It’s New Years Day 2023.
I posted my year in review questionnaire yesterday and as I re-read it I realize how repetitive it was from last year and the year before!
I joke that Sisyphus was basically a happy man — doing the same thing over and over again, day in and day out, only because the same ole tends to suit me. I like a routine, a rut, a ritual.
“Always and Never the Same” could be engraved on my headstone. (if I were to have one).
For the most part how I spend my time is the same, day after day. I hike different trails, read different books, eat different food, but when asked what I’m going to do – I usually say, Same ole, knowing I’ll probably read, hike, sew, cook a meal and maybe paint!
I hear you get good at what you practice — well, I’ve gotten good at enjoying the day without too much fanfare. I am happy reading, sewing, hiking, cooking and sometimes painting.
In the days before Covid, I did the same things, only there was less fear and more of a freedom to share with company, community, friends and family.
Then Covid hit the world and we were told to stay home. Stay away. Be careful — stay safe!
I struggled at times with all the restrictions. I was both jealous of and pissed off, at the people who went on about life, socializing and traveling.
But, stay home we did, and time past. It got easier to stay home, to not entertain or have company. I was busy at home and we got very comfortable.
Ken and I are hardly that couple who are joined at the hip, yet we like being together. We are homebodies, introverts, and being retired, we know we can spend the day doing anything we want. So, we do.
We also check in with each other often.
Ken will ask, Are you doing okay?
And, if he goes somewhere he will ask if I want to go as well. Sometimes I ride with him to the building centre and wait in the car for him to get whatever. Often, I say, no.
And, I would ask Ken, do you want to come with me on this chore or join me for a walk? Nope, he would say. However, he often offers to drive, to drop me at a trail head or pick me up at the end of one. He’ll be the one to waits in the car while I go into a store.

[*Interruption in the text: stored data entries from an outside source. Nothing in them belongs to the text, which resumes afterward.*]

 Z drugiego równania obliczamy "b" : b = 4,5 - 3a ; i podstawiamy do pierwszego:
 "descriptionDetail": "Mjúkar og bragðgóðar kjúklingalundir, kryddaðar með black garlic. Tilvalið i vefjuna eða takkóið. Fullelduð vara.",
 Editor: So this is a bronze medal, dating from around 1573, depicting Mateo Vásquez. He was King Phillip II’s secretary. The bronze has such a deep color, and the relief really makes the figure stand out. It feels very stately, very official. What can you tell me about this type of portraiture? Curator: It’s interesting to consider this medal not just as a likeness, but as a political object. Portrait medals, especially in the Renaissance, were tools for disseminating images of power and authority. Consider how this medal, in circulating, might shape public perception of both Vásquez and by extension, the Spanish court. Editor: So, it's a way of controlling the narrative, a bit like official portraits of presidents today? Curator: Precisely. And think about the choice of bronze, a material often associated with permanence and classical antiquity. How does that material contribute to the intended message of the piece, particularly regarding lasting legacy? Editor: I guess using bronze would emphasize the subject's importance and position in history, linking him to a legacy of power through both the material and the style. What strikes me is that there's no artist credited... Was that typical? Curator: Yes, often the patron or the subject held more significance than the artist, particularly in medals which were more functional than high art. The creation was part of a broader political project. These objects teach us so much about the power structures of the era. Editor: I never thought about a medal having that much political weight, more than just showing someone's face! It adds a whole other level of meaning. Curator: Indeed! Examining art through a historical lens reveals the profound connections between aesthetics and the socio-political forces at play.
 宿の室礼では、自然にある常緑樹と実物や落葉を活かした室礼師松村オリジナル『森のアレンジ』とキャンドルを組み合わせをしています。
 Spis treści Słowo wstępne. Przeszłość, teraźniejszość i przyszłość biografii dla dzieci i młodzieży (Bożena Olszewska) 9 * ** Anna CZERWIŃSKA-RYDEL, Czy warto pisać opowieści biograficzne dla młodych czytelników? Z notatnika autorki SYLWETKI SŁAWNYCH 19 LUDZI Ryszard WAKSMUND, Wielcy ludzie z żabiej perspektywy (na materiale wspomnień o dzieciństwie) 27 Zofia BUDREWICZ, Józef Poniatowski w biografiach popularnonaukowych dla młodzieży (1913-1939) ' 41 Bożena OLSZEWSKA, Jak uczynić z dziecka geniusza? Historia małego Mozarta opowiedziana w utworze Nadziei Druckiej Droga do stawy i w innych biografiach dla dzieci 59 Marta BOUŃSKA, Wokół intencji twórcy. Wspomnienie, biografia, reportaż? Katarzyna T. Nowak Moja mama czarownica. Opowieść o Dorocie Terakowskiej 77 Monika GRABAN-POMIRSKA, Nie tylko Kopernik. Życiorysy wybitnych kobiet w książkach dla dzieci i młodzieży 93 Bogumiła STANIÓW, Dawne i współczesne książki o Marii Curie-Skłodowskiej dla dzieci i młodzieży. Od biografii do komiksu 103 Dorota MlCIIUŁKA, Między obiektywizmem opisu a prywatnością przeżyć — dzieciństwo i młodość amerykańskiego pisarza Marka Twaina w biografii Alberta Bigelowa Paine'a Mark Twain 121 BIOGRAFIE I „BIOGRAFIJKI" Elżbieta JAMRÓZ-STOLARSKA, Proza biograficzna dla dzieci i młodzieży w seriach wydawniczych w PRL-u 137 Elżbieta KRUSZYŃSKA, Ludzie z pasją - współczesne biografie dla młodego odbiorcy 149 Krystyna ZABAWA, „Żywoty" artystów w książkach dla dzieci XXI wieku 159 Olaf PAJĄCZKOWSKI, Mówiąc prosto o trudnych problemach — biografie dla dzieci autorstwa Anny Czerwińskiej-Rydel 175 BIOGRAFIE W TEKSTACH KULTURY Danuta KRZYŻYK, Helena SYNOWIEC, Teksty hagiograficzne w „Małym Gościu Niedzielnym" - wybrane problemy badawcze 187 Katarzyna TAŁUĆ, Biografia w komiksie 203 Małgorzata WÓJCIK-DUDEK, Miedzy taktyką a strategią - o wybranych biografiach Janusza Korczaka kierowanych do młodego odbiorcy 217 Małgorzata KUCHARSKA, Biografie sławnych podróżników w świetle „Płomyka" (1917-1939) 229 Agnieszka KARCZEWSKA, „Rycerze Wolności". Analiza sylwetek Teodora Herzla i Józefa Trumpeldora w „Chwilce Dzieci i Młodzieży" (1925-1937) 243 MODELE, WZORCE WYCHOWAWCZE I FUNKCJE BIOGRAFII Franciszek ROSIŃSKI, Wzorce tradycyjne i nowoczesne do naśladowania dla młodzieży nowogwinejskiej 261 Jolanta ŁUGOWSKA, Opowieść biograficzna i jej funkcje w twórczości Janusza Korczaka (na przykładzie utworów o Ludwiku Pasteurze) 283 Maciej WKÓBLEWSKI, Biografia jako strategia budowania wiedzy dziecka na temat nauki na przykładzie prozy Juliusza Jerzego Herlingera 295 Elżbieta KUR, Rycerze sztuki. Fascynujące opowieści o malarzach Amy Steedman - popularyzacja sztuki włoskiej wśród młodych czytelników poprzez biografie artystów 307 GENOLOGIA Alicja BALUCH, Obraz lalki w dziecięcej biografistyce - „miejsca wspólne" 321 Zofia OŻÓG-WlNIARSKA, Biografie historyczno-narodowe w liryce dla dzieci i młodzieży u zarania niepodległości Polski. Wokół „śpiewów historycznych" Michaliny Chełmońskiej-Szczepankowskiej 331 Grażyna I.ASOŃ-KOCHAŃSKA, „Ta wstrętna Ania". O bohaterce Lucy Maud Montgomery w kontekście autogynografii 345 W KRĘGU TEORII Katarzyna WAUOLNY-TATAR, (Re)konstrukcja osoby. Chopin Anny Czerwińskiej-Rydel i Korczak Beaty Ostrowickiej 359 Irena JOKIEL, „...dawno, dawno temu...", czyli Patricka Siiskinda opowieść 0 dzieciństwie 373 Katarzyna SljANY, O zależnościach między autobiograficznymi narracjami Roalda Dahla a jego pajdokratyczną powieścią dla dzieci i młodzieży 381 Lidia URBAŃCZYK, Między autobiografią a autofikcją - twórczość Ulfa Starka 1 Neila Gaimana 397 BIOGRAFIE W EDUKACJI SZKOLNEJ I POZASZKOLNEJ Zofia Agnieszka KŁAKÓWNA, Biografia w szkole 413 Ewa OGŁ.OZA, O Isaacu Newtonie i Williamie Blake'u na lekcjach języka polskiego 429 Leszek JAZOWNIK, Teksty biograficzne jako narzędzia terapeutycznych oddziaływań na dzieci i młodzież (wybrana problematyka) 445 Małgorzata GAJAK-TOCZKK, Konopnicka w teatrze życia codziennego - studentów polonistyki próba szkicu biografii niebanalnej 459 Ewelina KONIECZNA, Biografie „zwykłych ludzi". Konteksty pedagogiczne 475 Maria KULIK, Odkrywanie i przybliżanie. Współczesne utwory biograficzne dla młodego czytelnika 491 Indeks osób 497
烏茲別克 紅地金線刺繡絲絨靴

The only place I dally now is in the woods. The days of looking around a store, picking shit up and putting it back down are over.
At first it wasn’t so hard as it was different. We were all in the same storm. Now four years in, we are practiced. The habit has been made. I’m still reading, sewing, hiking, cooking and sometimes painting. Ken stays busy as ever with all sorts of projects. That man has a to do list!

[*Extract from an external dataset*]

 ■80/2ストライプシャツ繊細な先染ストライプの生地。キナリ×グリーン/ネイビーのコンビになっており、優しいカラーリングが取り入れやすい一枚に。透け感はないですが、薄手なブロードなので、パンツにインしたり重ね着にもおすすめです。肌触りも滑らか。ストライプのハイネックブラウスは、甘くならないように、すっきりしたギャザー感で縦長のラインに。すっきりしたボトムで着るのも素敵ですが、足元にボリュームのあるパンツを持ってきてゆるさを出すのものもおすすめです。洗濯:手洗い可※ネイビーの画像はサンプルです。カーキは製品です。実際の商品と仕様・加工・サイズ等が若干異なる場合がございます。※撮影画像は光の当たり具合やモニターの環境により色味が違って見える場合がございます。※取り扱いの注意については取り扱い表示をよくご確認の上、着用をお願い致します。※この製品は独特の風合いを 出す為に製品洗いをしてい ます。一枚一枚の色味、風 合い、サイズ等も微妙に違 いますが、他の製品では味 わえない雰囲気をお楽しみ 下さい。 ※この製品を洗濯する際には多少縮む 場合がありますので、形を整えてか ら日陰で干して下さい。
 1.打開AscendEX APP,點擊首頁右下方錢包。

The thing is….it works for us. We are happy! We do get out and we do see friends, just not as often. We both belong to community guilds and do service work. It’s just a different comfort now. I’m in touch daily with several friends by text, email or zoom. I enjoy my social media community. I’ve developed a comfortable inner life. Being alone in the woods has become a remarkable joy.

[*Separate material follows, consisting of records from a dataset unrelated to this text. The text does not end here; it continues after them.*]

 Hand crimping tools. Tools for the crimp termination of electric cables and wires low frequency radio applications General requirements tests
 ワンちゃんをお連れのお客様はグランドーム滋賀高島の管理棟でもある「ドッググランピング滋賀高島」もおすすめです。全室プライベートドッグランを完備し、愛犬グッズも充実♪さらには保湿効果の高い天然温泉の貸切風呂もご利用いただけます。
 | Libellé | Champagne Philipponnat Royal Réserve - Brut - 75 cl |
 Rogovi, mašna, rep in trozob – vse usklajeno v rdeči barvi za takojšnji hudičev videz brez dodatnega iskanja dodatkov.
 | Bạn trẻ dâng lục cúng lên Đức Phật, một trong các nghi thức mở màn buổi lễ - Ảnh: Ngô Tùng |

Ken and I are comfortable with our own company and the way we spend our days. While I have no regrets, I was a bit taken back at the repetitiveness of the years review! I used to be cool!
I suppose if I wanted different, I’d do different.
I used to say the quality of your day will make up the quality of your life. I still hold strong to that truth. I also reserve the right to change my mind whenever I want.
But today, I can say I had a great day yesterday and hope to repeat it tomorrow!